> _What to do_
An exact copy of every record, with no pictures, please.

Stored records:

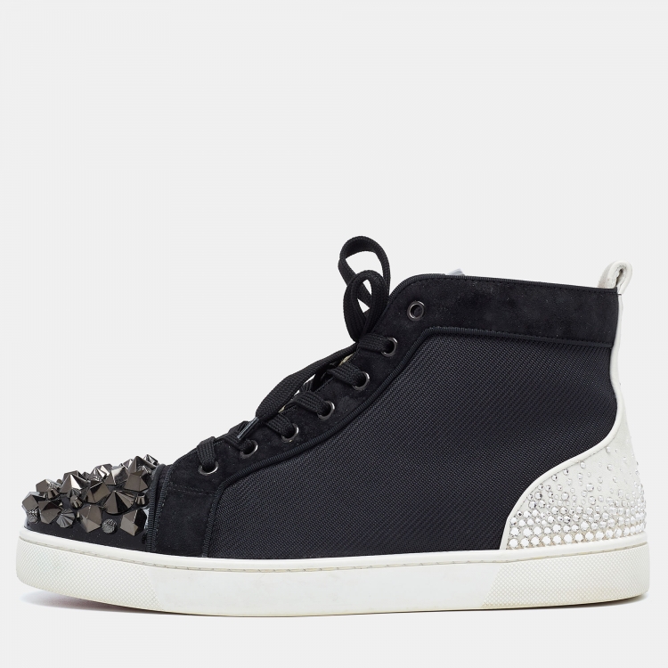 Pre Owned حذاء رياضي كريستيان لوبوتان أورلاتو كانفاس وسويدي رصاصي/أسود برباط مقاس 41.5
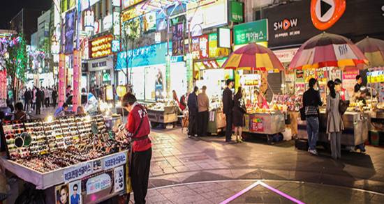 美食体验:广场上有众多小吃摊位,提供各种韩国特色美食,如种子甜饼、辣炒年糕、紫菜包饭、鱼饼串等,其中承基种子甜饼非常有名,深受游客喜爱
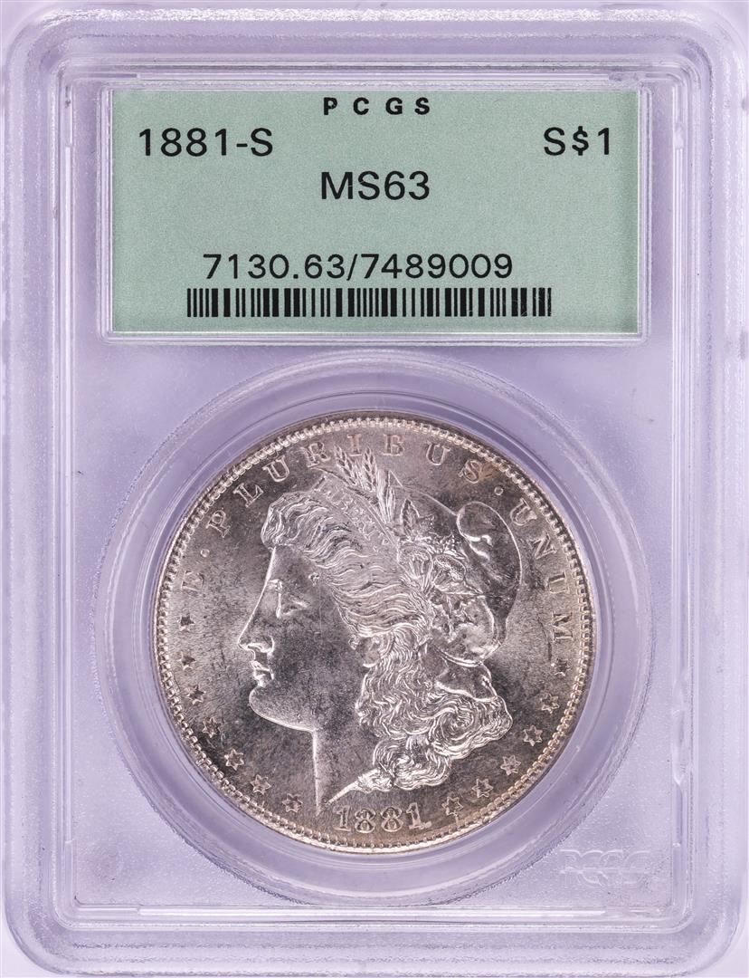 1881-S $1 Morgan Silver Dollar Coin PCGS MS63 Old Green Holder
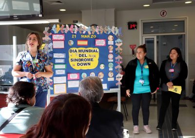 “Hicimos una educación en sala de espera para poder concientizar a las personas acerca de la inclusión de las personas, en este caso, con Síndrome de Down; explicar en qué consiste esta condición –que es una condición, no una enfermedad ya que no tiene cura ni tratamiento, las personas viven toda su vida con esta condición-, tratar de hacer a las personas más inclusivas a lo largo del ciclo vital, desde que son muy pequeños hasta su vida adulta mayor. Y, también, la importancia de la estimulación temprana en estos niños cuando nacen con esta condición y las atenciones a las que tienen acceso en el centro de salud y en el CDT (Centro de Diagnóstico Terapéutico)”.
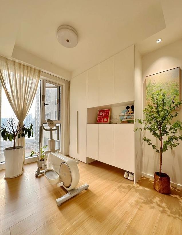 进门的位置有一个小小的入户花园,封窗改造成一个多功能区,设计整面墙的收纳柜后,剩下的空间摆放健身器械,做一个家庭健身区。
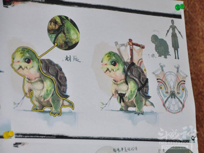 上面贴着的是一些灵兽的设计图,这只龟好像没看到过
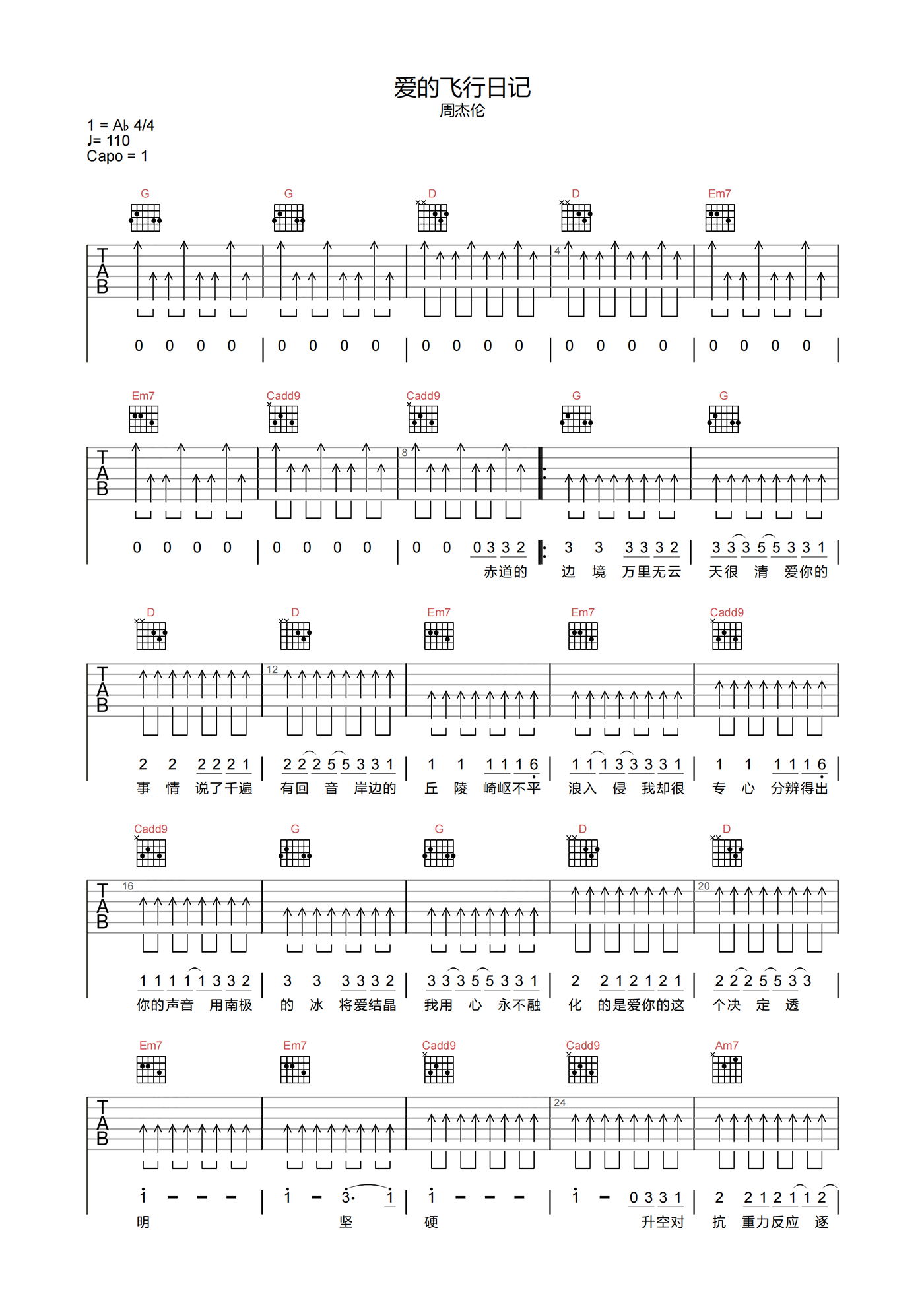 《飞行日记《爱的吉他谱》(G调)》内容来自于互联网,不能保证内容的准确性与完整性,仅供学习交流欣赏,请勿用于其它用途,内容版权归原作者及来源网站所有,如有侵犯到您的权益请来信告知,我们将及时删除。

> _Answer space_
 Pre Owned حذاء رياضي كريستيان لوبوتان أورلاتو كانفاس وسويدي رصاصي/أسود برباط مقاس 41.5
 美食体验:广场上有众多小吃摊位,提供各种韩国特色美食,如种子甜饼、辣炒年糕、紫菜包饭、鱼饼串等,其中承基种子甜饼非常有名,深受游客喜爱
 1881-S $1 Morgan Silver Dollar Coin PCGS MS63 Old Green Holder
 “Hicimos una educación en sala de espera para poder concientizar a las personas acerca de la inclusión de las personas, en este caso, con Síndrome de Down; explicar en qué consiste esta condición –que es una condición, no una enfermedad ya que no tiene cura ni tratamiento, las personas viven toda su vida con esta condición-, tratar de hacer a las personas más inclusivas a lo largo del ciclo vital, desde que son muy pequeños hasta su vida adulta mayor. Y, también, la importancia de la estimulación temprana en estos niños cuando nacen con esta condición y las atenciones a las que tienen acceso en el centro de salud y en el CDT (Centro de Diagnóstico Terapéutico)”.
 进门的位置有一个小小的入户花园,封窗改造成一个多功能区,设计整面墙的收纳柜后,剩下的空间摆放健身器械,做一个家庭健身区。
 上面贴着的是一些灵兽的设计图,这只龟好像没看到过
 《飞行日记《爱的吉他谱》(G调)》内容来自于互联网,不能保证内容的准确性与完整性,仅供学习交流欣赏,请勿用于其它用途,内容版权归原作者及来源网站所有,如有侵犯到您的权益请来信告知,我们将及时删除。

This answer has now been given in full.